HALOPADANG.ID – Pasangan calon Bupati dan Wakil Bupati Solok, Nofi Candra dan Yulfadri Nurdin mendaftar sebagai calon peserta Pilkada 2020 ke KPU Kabupaten Solok, Minggu (6/9/2020) atau tepat di hari terakhir penutupan masa pendaftaran.

Nofi mengatakan, keputusannya maju di Pilkada yang akan berlangsung 9 Desember 2020 tak lepas dari keinginan tulus untuk mengabdi di tanah kelahiran. Dia berharap, keinginan tersebut selaras dengan cita-cita masyarakat.
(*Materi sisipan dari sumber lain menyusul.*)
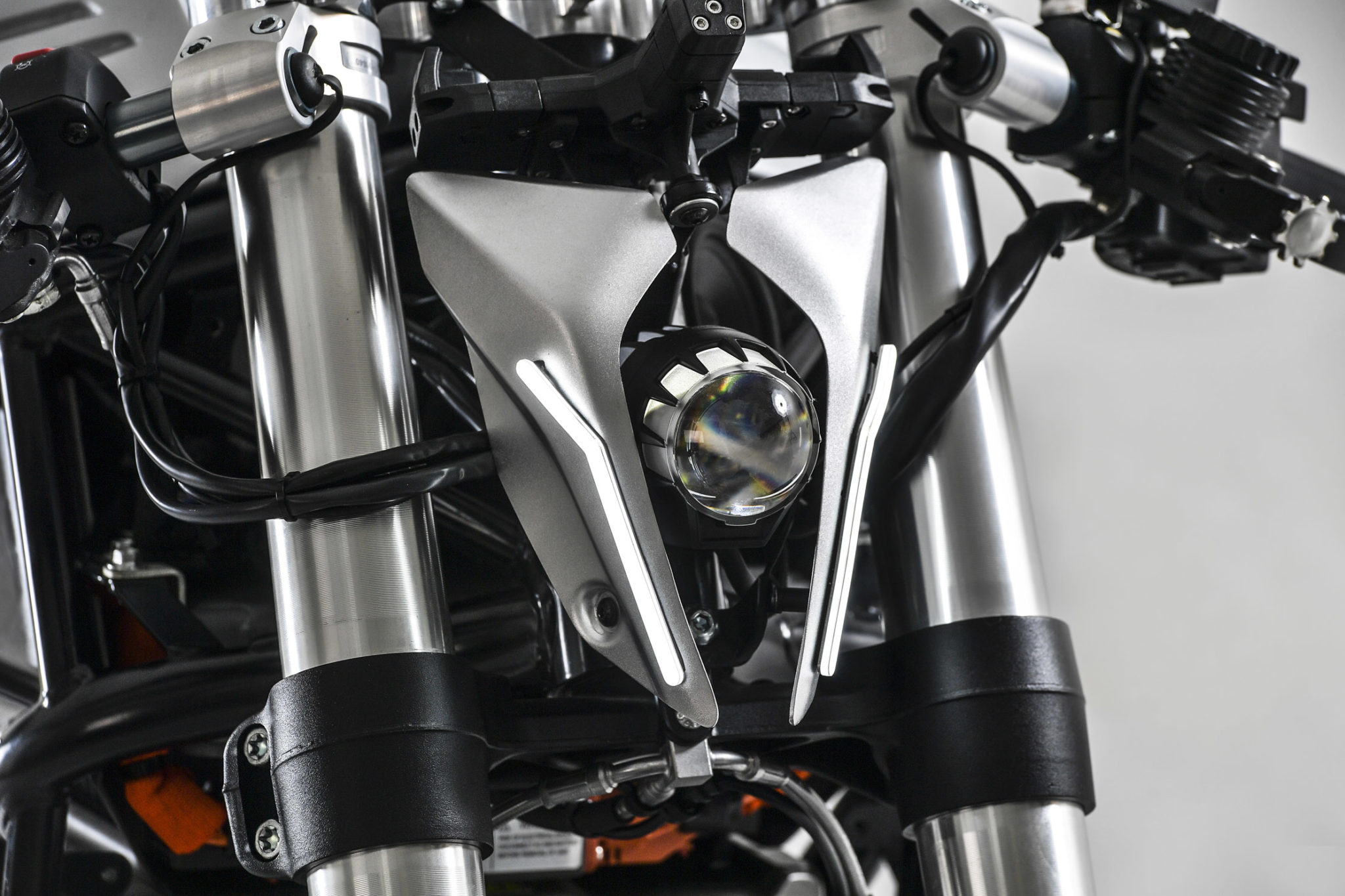 However, the character of the bike looks different because of the two LED daylights. Components are made in Germany and entirely homologated.

“Mudah-mudahan langkah saya dan Pak Yulfadri dimudahkan Allah SWT. Semua tentu tidak terlepas dari doa dan dukungan masyarakat,” katanya.

Setidaknya, kata anggota DPD RI periode 2014-2019 itu, dalam visi dan misinya bersama Yulfadri, jika kelak dipercaya memimpin Kabupaten Solok, ada 6 skala prioritas utama yang mesti diwujudkan.
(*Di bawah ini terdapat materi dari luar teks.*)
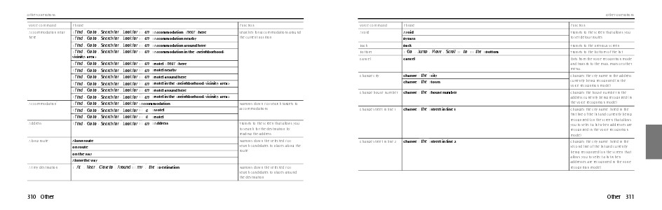 Other Operations Voice command Phrase Function Accommodation near here [ Find , Go to , Search for , Look for ] [ an ] Accommodation [ near ] here Searches for accommodations around the current position [ Find , Go to , Search for , Look for ] [ an ] Accommodation nearby [ Find , Go to , Search for , Look for ] [ an ] Accommodation around here [ Find , Go to , Search for , Look for ] [ an ] Accommodation in the [ Find , Go to , Search for , Look for ] [ an ] Hotel [ near ] here [ Find , Go to , Search for , Look for ] [ an ] Hotel nearby [ Find , Go to , Search for , Look for ] [ an ] Hotel around here [ Find , Go to , Search for , Look for ] [ an ] Hotel in the [ Find , Go to , Search for , Look for ] [ an ] Hotel around here [ Find , Go to , Search for , Look for ] [ an ] Hotel in the Accommodation* [ Find , Go to , Search for , Look for ] Accommodation [ Find , Go to , Search for , Look for ] [ a ] Motel Narrows down POI search targets to accommodations [ Find , Go to , Search for , Look for ] [ a ] Hotel Address [ Find , Go to , Search for , Look for ] [ an ] Address Transits to the screen that allows you to search for the destination by reading the address Along route Along route Narrows down the selected POI search candidates to places along the route On route On the way Along the way At my destination 310 Other [ At , Near , Close to , Around ] [ my , the ] Destination Narrows down the selected POI search candidates to places around the destination

Pertama, mewujudkan pemeretaan pembangunan dan pertumbuhan yang berwawasan lingkungan. Menurutnya, geliat kemajuan suatu daerah tidak terlepas dari pembangunan infrastruktur, termasuk di dalamnya soal tranportasi dan telekomunikasi.
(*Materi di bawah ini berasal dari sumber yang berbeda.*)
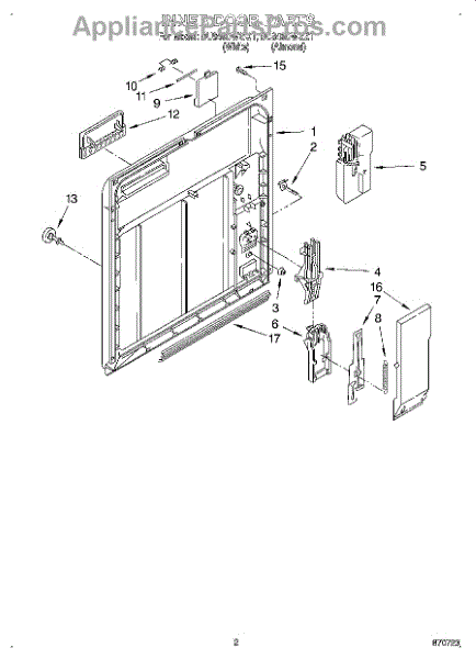 Parts for Whirlpool DU840DWGZ1: 02 - Inner Door Parts

“Kami harus memandang Kabupaten Solok utuh. Tidak tengah, selatan, utara dan timur. Semua bisa tercapai jika kita satu pandangan tentang daerah yang kita cintai ini. Pengkotak-kotakan wilayah justru akan menjadi dilema sosial berkepanjangan. Mari luruskan pandangan, dan sama-sama berniat membangun daerah,” tutur putra asli Saning Baka itu.

Kedua, meningkatkan kualitas nilai kehidupan berdaya saing dan ini bertumpu pada Sumber Daya Manusia (SDM) di semua elemen masyarakat. Merujuk data dari Badan Pusat Statistik (BPS), Indeks Pembangunan Manusia (IPM) Kabupaten Solok tahun 2019 masih 68,6 persen. Angka tersebut berada di bawah IPM Sumatera Barat yang mencapai angka 72,39 persen.

“Untuk bersaing di era globalisasi hari ini, IPM menjadi harga mati yang harus kita wujudkan. Tidak mungkin berandai-randai lebih, jika SDM kita belum terbenahi maksimal,” katanya.

Ketiga, meningkatkan kualitas daya saing ekonomi berkelanjutan. Dalam hal ini, lagi-lagi SDM masih menjadi pijakan dasar untuk mengembangkan segala potensi ekonomi masyarakat. Saat ini, pertumbunan ekonomi Kabupaten Solok mengalami perlambatan dan berada di angka 5,31 persen di tahun 2019.

Banyak faktor yang menyebabkan lesunya pergerakan ekonomi masyarakat. Di antaranya, belum maksimalnya pertumbuhan koperasi, UMKM, hingga rendahnya realisasi penanaman modal dalam maupun luar negeri.